The default jiffy (roughly: the time that the scheduler gives one thread to
occupy a cpu core without interruption) is 0.004 seconds. It was 0.01
seconds until some 2.6.0 kernel, when it went down to 0.001 seconds for a
bit, but that was too fast, so they backed off to 0.004 shortly thereafter.
This is why reliable low latency audio uses special thread
priorities. It is used in Android AAudio, and Apple CoreAudio for this
purpose, which I would classify as widespread use in real applications.
Although you can get low latency in benchmarks on unloaded machines where
you don't have to wait for a jiffy, this is not considered reliable in
audio systems unless you have dedicated hardware. For similar reasons, it
is also not considered reliable to have sys calls like sigaltstack in cgo
callbacks on audio processing/rendering threads. this portaudio
mailing list message
<https://lists.columbia.edu/pipermail/portaudio/2018-September/001530.html> is
a good description.
In answer to the question of how far we can go in audio without
scheduling priorities in the go runtime, it seems to me there are the
1. no goroutines and sigaltstack/cgo->go overhead (which involves a
sys call) in callbacks on host supplied realtime threads.

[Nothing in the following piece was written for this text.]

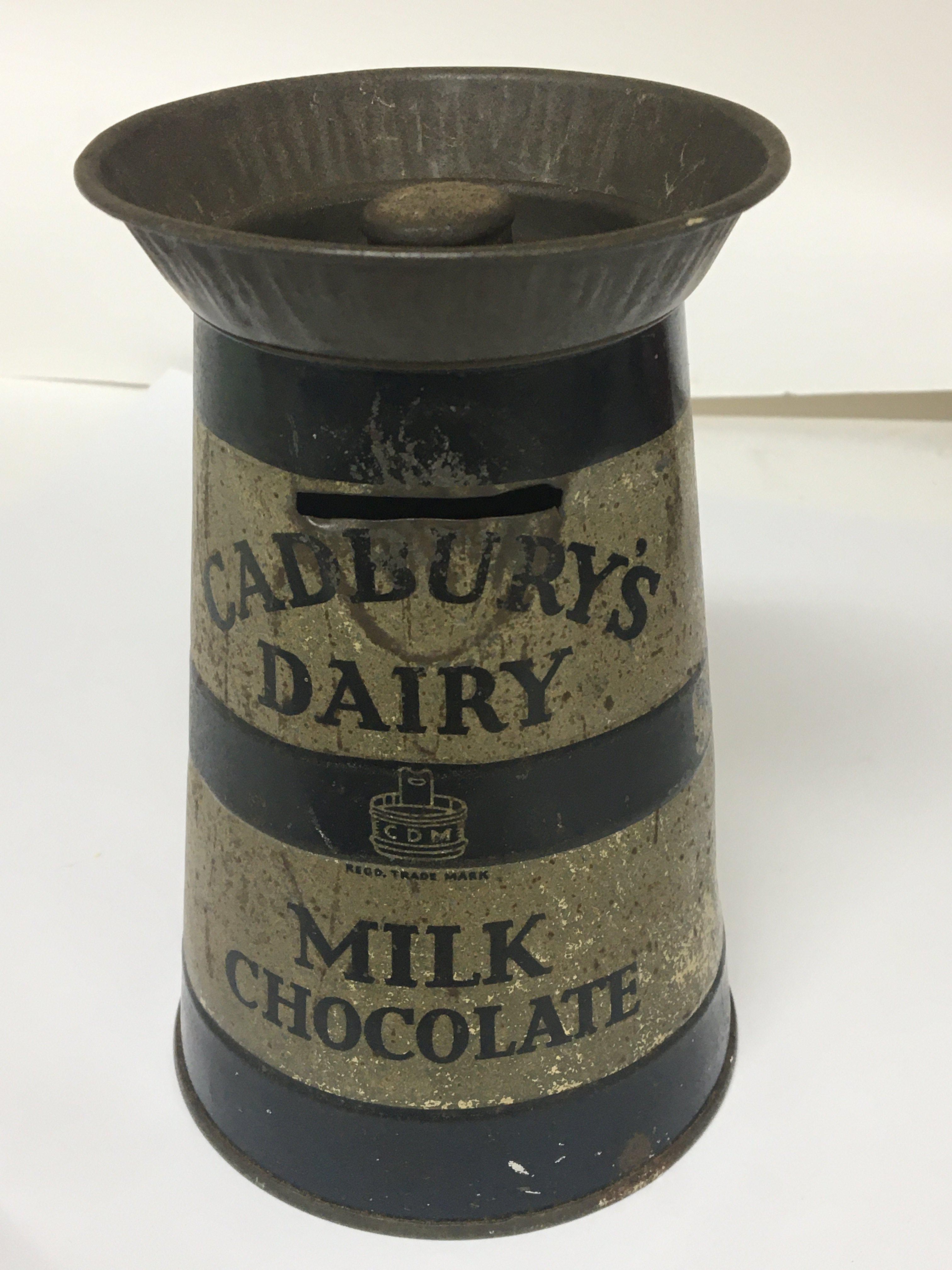 A Vintage Cadburys Dairy Milk Chocolate money box tin in the form of a decorated milk churn. Hight 14cm

2. Go's runtime can't distinguish OS thread scheduling differences
them in any way.
A simple conclusion is that low latency audio apps in Go are
unreliable on most platforms as the runtime+cgo mechanism stands today. It
doesn't matter how well something is programmed in pure Go or how smartly
the work is divided between cgo and go. It doesn't even matter if someone
benchmarks their system and claims to have had reliable low latency (like
me and Brian), because these issues are caused by the relationship between
go and the host OS thread scheduling and the widespread need for special
thread priorities in audio systems.
I have a goal of making reliable low latency audio apps in Go. I
think it is a reasonable goal since Go is a good general purpose language,
with both low and high level features. But I think these issues together
are a stopper for reliable latency under about twice a jiffy, which doesn't
really quite fall into the low latency category.

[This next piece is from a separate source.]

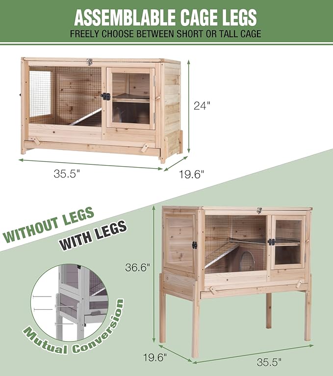 - 𝐀𝐝𝐣𝐮𝐬𝐭𝐚𝐛𝐥𝐞 𝐃𝐞𝐭𝐚𝐜𝐡𝐚𝐛𝐥𝐞 𝐋𝐞𝐠𝐬 - With detachable legs, this guinea pig cage offers flexible setup. Use it as a standalone or elevated unit, suitable for various indoor setups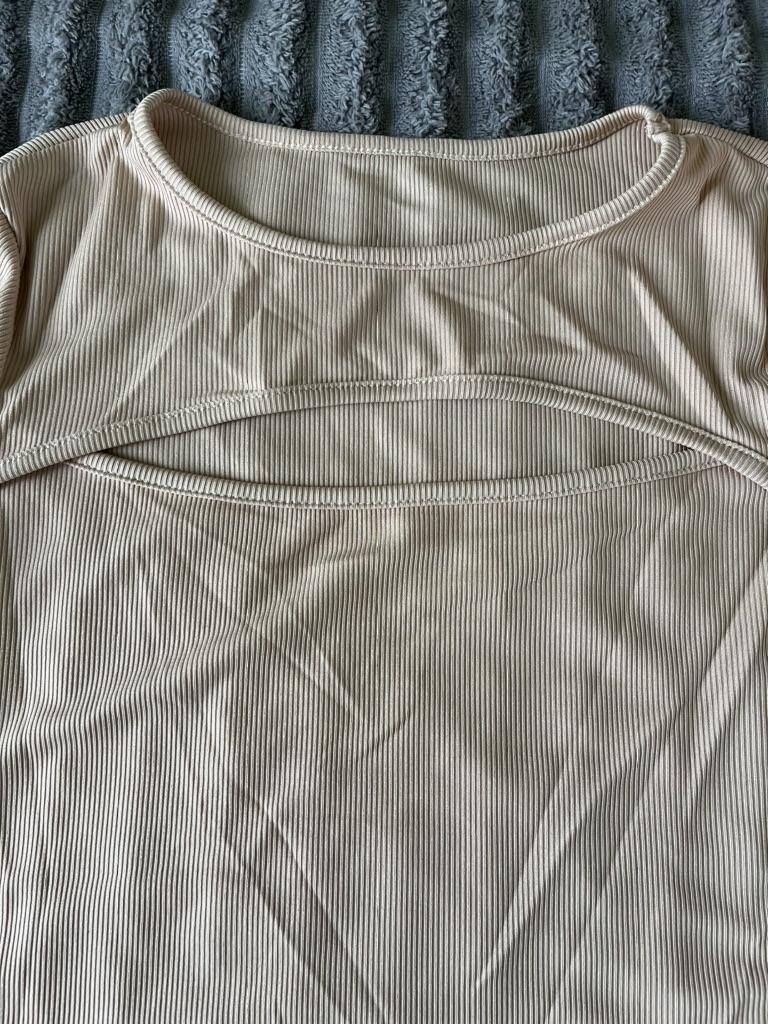 Kam mit einem Loch. Der Ausschnitt ist nicht durchdacht und das Top rutscht nach unten, sodass der BH sichtbar wird.

Ian suggested the TODO in dropm in runtime/proc.go. This would help
issue 1. I have started looking at it and it seems to so far (the code is
pretty deep to learn overnight, so take with a grain of salt): in any event
the cgo->go and go->cgo directions would involve sigaltstack even
with the improvement suggested in the TODO. Any runtime/proc.go gurus
willing to comment?
Robert suggested adding runtime functions to define thread priorities
and affinities for groups of goroutines.
This would solve issue 2 and to some extent obviate a need for
solving 1. Ian agreed that something like that was necessary but details
were unclear.
I have started looking at how to make progress on that more
concrete. I have asked for help w.r.t.
plan9 and windows and the various js host targets (where I guess this
functionality shouldn't be supported)
with no response as of yet.
Best,
Scott
Post by robert engels
The linux kernel can perform context switches in under 5 usecs on
“standard hardware”. In the case of equal priorities, I believe the
standard time slice is 100 ms (although 64 ms in many systems). So without
scheduling priority control, if a program needs anything under 100 ms it is
not even close to being guaranteed in a general purpose linux install.
Post by Robert Engels
I would be surprised it would be needed for audio as well, given
the GC pause times, and also that the OS drivers are buffered.

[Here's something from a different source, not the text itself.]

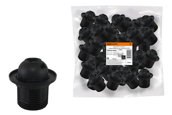 К светотехнике на любом объекте, будь то жилое помещение или коммерческая площадка, предъявляют высокие требования. Необходимо не только продумать конфигурацию всех приборов, безопасную схему подключения, суммарную мощность и нагрузку на сеть, но и учесть требования дизайна, поскольку эстетике сегодня уделяется большое внимание. Патрон Е27 с кольцом, термостойкий пластик, черный, Б/Н TDM (SQ0335-0056) — современное решение, в котором учтены все требования. За надежность отвечают материалы с большим запасом прочности. Все элементы конструкции без проблем выдерживают интенсивную эксплуатацию. Такой вдумчивый подход к деталям является визитной карточкой бренда TDM.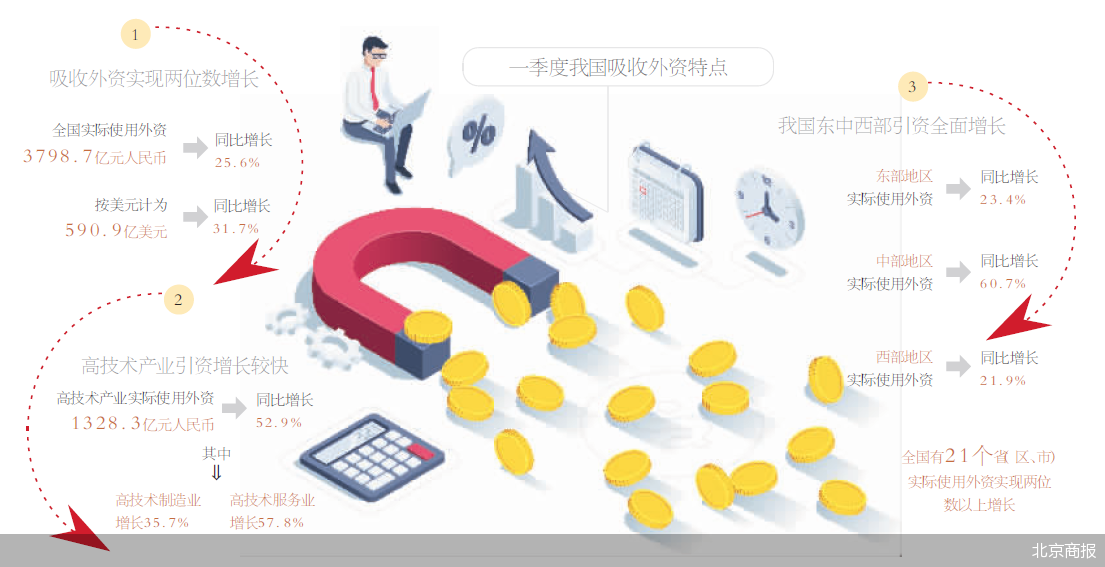 数据显示,一季度我国高技术产业引资增长较快,高技术产业实际使用外资1328.3亿元人民币,同比增长52.9%。其中,高技术制造业增长35.7%,高技术服务业增长57.8%。

I was referring more to HPC systems and cache locality. Hard to
achieve with thousands of Goroutines if you can’t group and isolate them.
The OS driver buffers for low latency audio represent a real time
duration below the default OS thread scheduling latency. For Go,
I believe the up front latency cost would be OS thread scheduling
latency + GC pause times. The GC latency improvements are great, and
enable a lot, but the GC operates within the context of OS thread
scheduling. A Go app with 1ms GC latency would have
by default on linux a 0.004 sec latency + the GC latency should the
OS need to prioritise something else first.
In other languages (Java, C) the likelihood of 0.004 sec latency
resulting from scheduling happens less often because of support for thread
scheduling. That is, they are more reliable than full Go with goroutines.
It is unfortunate to have to do CGO with no goroutines,
and have sigaltstack overhead and what not associated with it on a
callback given to a host sound system to run on a high priority thread.
I like your idea of adding to the runtime grouping, scheduling
class, and affinity very much for audio.
Best,
Scott
Post by Robert Engels
On Sep 13, 2018, at 7:53 AM, 'Bryan C. Mills' via golang-dev <
- From a privileged C thread, invoke a cgo-exported Go
function. The Go function can loop (without returning) to perform whatever
real-time work is needed, using buffered channels to communicate with the
rest of the program (and thereby avoid blocking the privileged thread).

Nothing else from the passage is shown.